= Swiss Socialist Federation =

The Swiss Socialist Federation (Fédération socialiste suisse, abbreviated FSS) was a political party in Switzerland.

==Founding==
The FSS emerged from a split in the Swiss Socialist Party in 1939. On September 16, 1939, the Swiss Socialist Party expelled Léon Nicole and the party branches loyal to him, citing Nicole's defense of the Molotov–Ribbentrop Pact. The majority of the Socialist Party members in Geneva sided with Nicole. In Vaud the Socialist Party was also divided, as the majority led by Jeanneret-Minkine sided with Nicole. In October 1939 Nicole began building a new inter-cantonal organization, mobilizing the organizations supporting him.
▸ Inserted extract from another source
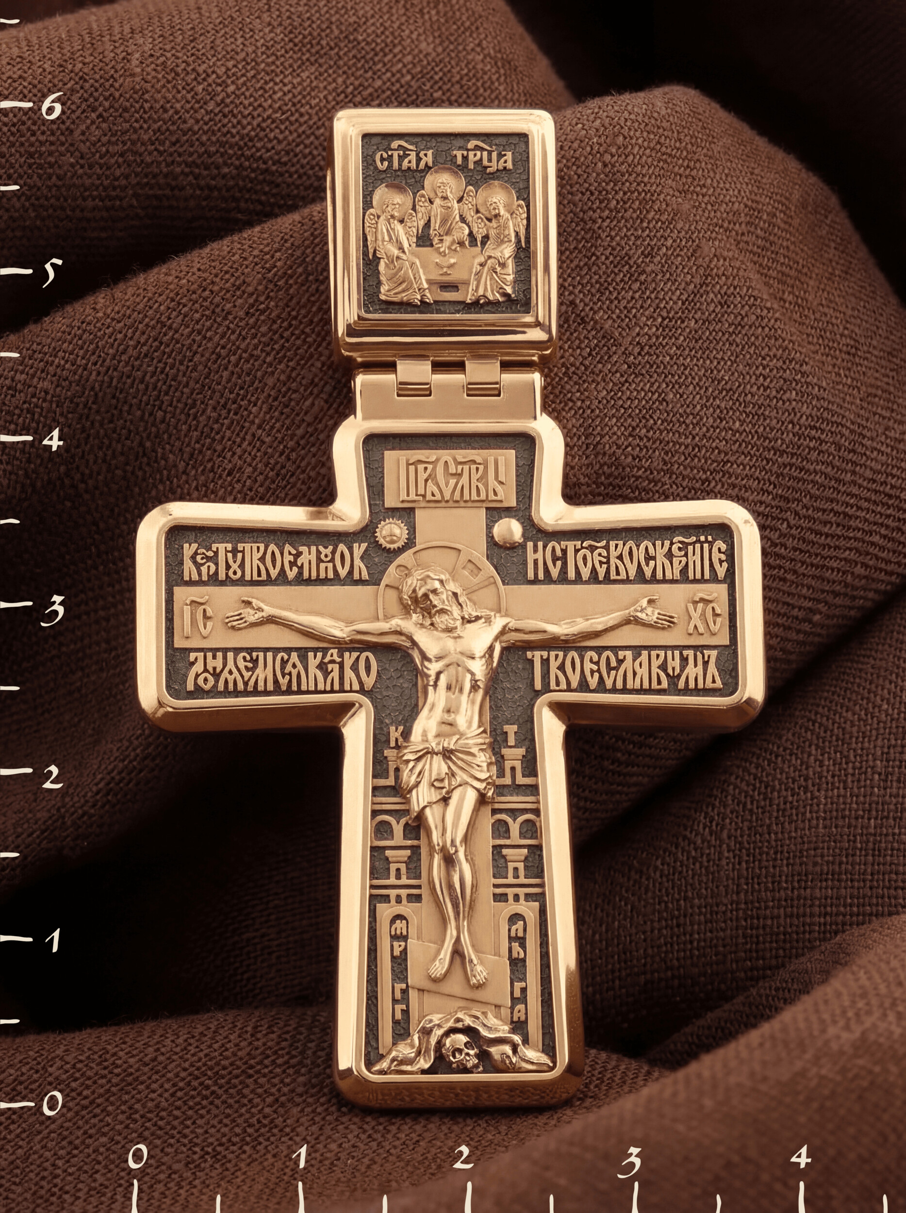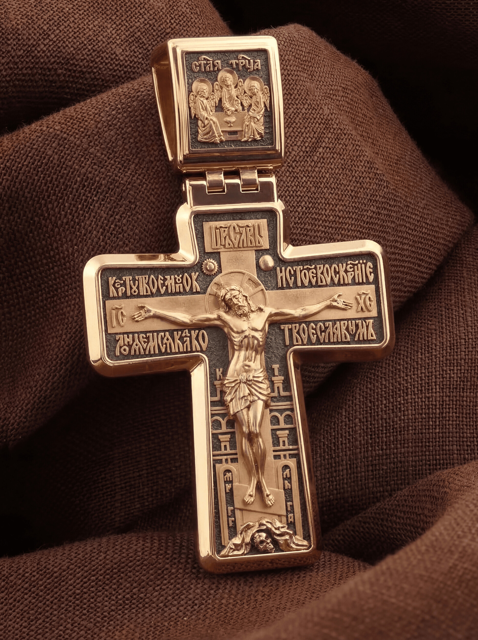 На лицевой стороне креста изображено Распятие Иисуса Христа. Позади Его изображена иерусалимская стена, знак того, что Господь был распят вне стен города. Но вместе с тем стена знаменует и Небесный Иерусалим, путь в который открылся для человечества через Голгофу: «МЛРБ», «Место Лобное Рай Бысть» — написано у ее основания. Рядом с Его образом помещены слова «Царь Славы». Эти слова характеризуют Господа, как Великого Архиерея, победителя смерти. Верхняя перекладина символизирует титло — табличку, на которой, согласно Евангелию, было начертано: «Иисус Назорей Царь Иудейский» (IНЦI). Также Распятие сопровождается надписями, олицетворяющими Христа. Это святое имя Христа «IC» (Иисус) «ХС» (Христос), а так же написан тропарь Животворящему Кресту: «Кресту Твоему поклоняемся, Владыко, и святое воскресение Твое славим». Распятие стоит на горе камней, символизирующих Голгофу, в основании которой различается череп. Это голова Адама. На кулонном кольце помещено изображение Святой Троицы.
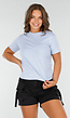 Deze blauwe top is ontworpen als een basic T-shirt met korte mouwen en een losvallende pasvorm. De stof bevat stretch, waardoor hij meebeweegt. De top heeft een ronde hals en rechte zoom. De mouwen vallen halverwege de bovenarm. Dankzij de combinatie van rekbaarheid en ruimvallend pasvorm is de top geschikt voor dagelijks gebruik of als onderlaag bij andere kledingstukken.

The FSS was founded at a meeting at the Maison du Peuple in Renens on December 3, 1939. Léon Nicole was elected chairman of FSS. An executive committee, with eight members, was also elected. Other committee members included Eugène Masson, Ernest Gloor, Maurice Jeanneret and Albert Karlen. FSS had two press organs, Le Travail and Le Droit du Peuple.

==Profile==
The programme of FSS was almost identical to that of the Swiss Socialist Party. The only key differences between the parties were their views on the international situation, the war and the Soviet Union. As implied by its name, FSS had a federal structure in which the affiliated organizations remained autonomous. The underground Communist Party of Switzerland began working within the FSS.

==Ban==
On July 5, 1940, Le Travail and Le Droit du Peuple were banned by the Swiss government. The government also wished to ban the FSS as such, but found it legally complicated as the party had four members of parliament (Léon Nicole, Jacques Dicker, Ernest Gloor and Eugène Masson). However the Vitznau Commission came up with a compromise solution. At its meeting on April 28, 1941, it decided to equate the activities of the FSS with those of the banned Communist Party, thus paving the way for a ban on the FSS. The FSS was banned on May 27, 1941. Later, its parliamentarians were expelled from the National Council. The Swiss Socialist Party actively supported the banning of the FSS. The FSS continued to exist as an underground movement, though. It supported electoral candidatures of politicians wanting to repeal the ban on the party (such as Florian Delhorbe in Vaud in July 1942 and Professor William Rappard in Geneva in September 1941), and sought an alliance with the German-speaking Landesring of Gottlieb Duttweiler. In the 1943 parliamentary election, the FSS called for a boycott.

==New party==
After the dissolution of the Communist International in 1943, a unification process between the FSS and the Communist Party was initiated (within a 'Browderist' framework). There was a hope that the Socialist Party would join the merger, but this proposal was rejected at by the Socialist Party. The FSS and the Communist Party dissolved themselves. In 1944, the Swiss Party of Labour was founded, substituting the FSS and the Communist Party.